Costs and Attorney Fees on Appeal

{12}     Relying on Landess, Husband argues that we should award him his costs and attorney fees incurred in defending against Mr. Rodriguez’s “frivolous” appeal. See 2008-NMCA-159, ¶ 21 (exercising inherent authority to award attorney fees as sanction for frivolous appeal); see also Rule 12-403(A), (B)(3) NMRA (permitting appellate courts the discretion to award costs to the prevailing party, which may include “reasonable attorney fees for services rendered on appeal in causes where the award of attorney fees is permitted by law”). Specifically, Husband claims that Mr. Rodriguez presented numerous arguments that are irrelevant to his appeal, misconstrued or ignored facts, and attempted to deceptively twist unrelated case law to his advantage. While we agree that Mr. Rodriguez’s briefing leaves much to be desired, we are not convinced this appeal rises to the level of frivolousness found in Landess, where the appellants continued to make “patently meritless” arguments attacking the validity of “well-established federal tax laws.” 2008-NMCA-159, ¶¶ 17, 21. Nor are we convinced that Mr. Rodriguez’s treatment of facts and case law is the result of bad faith rather than simple carelessness. Therefore, we decline to exercise our discretion to award Husband attorney fees incurred on appeal. See Bernier v. Bernier ex rel. Bernier, 2013-NMCA-074, ¶ 47, 305 P.3d 978 (declining to award attorney fees on appeal when the appellant “raised a number of arguable, albeit unpersuasive, arguments”).

CONCLUSION

{13}     For the foregoing reasons, we affirm the district court’s sanction.
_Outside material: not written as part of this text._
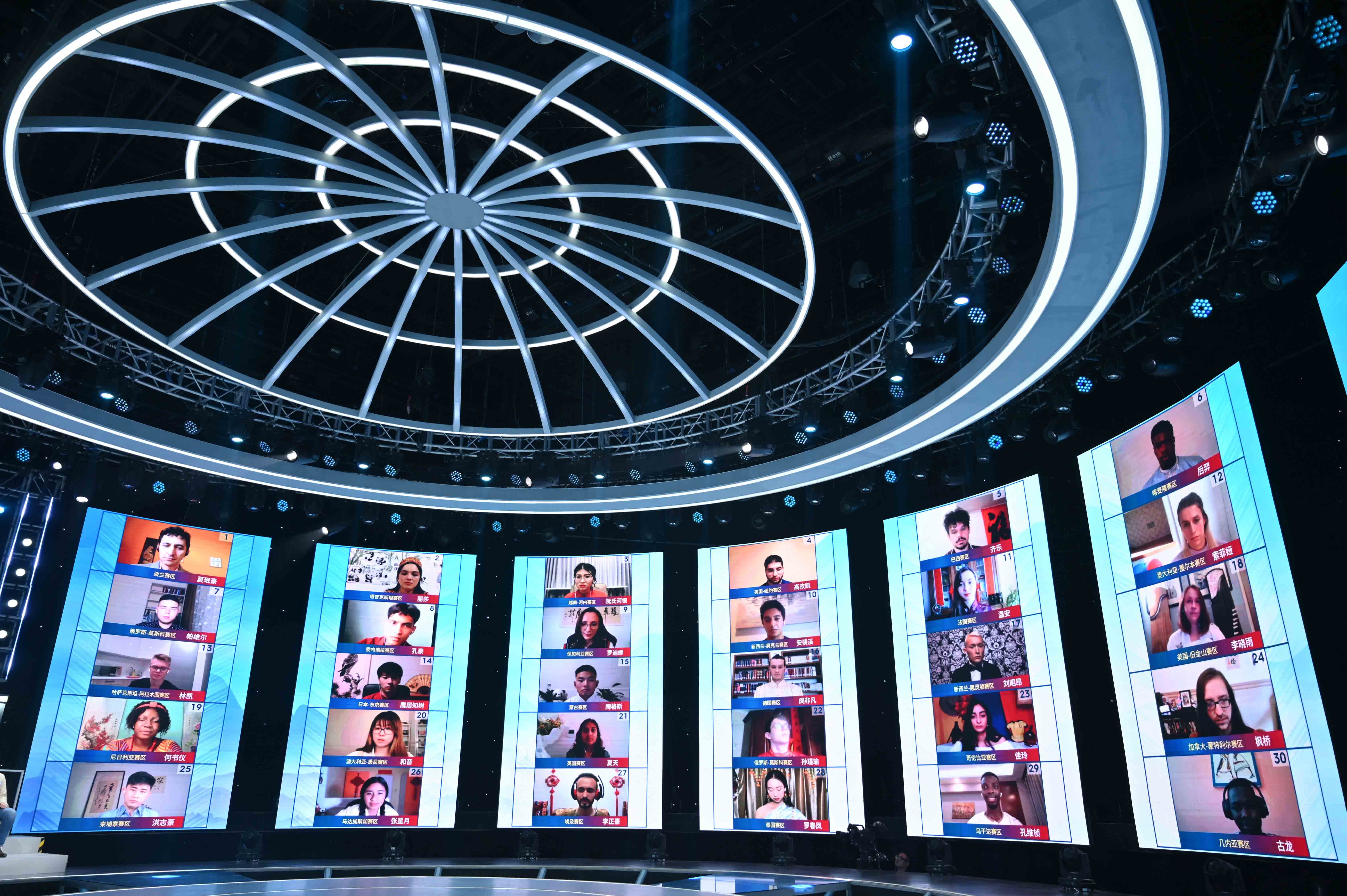 “明月几时有,把酒问青天,不知天上宫阙,今夕是何年……但愿人长久,千里共婵娟。”10月9日,在大洲突围赛第二场比赛录制现场,五大洲选手云端合唱《水调歌头》,通过歌曲演绎中国经典词作,表达对中华文化的喜爱。

{14}     IT IS SO ORDERED.

JACQUELINE R. MEDINA, Judge

WE CONCUR:

M. MONICA ZAMORA, Judge

JULIE J. VARGAS, Judge



[1]Mr. Rodriguez also argues that “[Wife] was prejudiced by the fact that she was threatened by [Husband], such that she had to . . . forego appealing the decision made by the [district] court as to the [retirement accounts].” However, even if these allegations are true, Mr. Rodriguez fails to cite any authority for the proposition that another party’s threats against his client grants him standing to appeal issues on his client’s behalf without her approval. We, therefore, assume none exists. See In re Doe, 1984-NMSC-024, ¶ 2, 100 N.M. 764, 676 P.2d 1329 (stating that when a party fails to cite authority for an argument, we may assume none exists).

[2]Mr. Rodriguez, for the first time in his reply brief, attempts to attack the evidence supporting these findings by referencing his memorandum in opposition to our proposed summary disposition. Generally, we do not address issues raised for the first time in a reply brief. See Mitchell-Carr v. McLendon, 1999-NMSC-025, ¶ 29, 127 N.M. 282, 980 P.2d 65. Nor will we consider arguments that the parties do not develop in their briefs. See Headley, 2005-NMCA-045, ¶ 15. Even if we did consider Mr. Rodriguez’s arguments contained in his memorandum in opposition, they are largely unsupported by citations to the record or legal authority. See Rule 12-318 NMRA (requiring briefing to provide citations to relevant authorities as well as to the record proper). Therefore, we decline to address these arguments.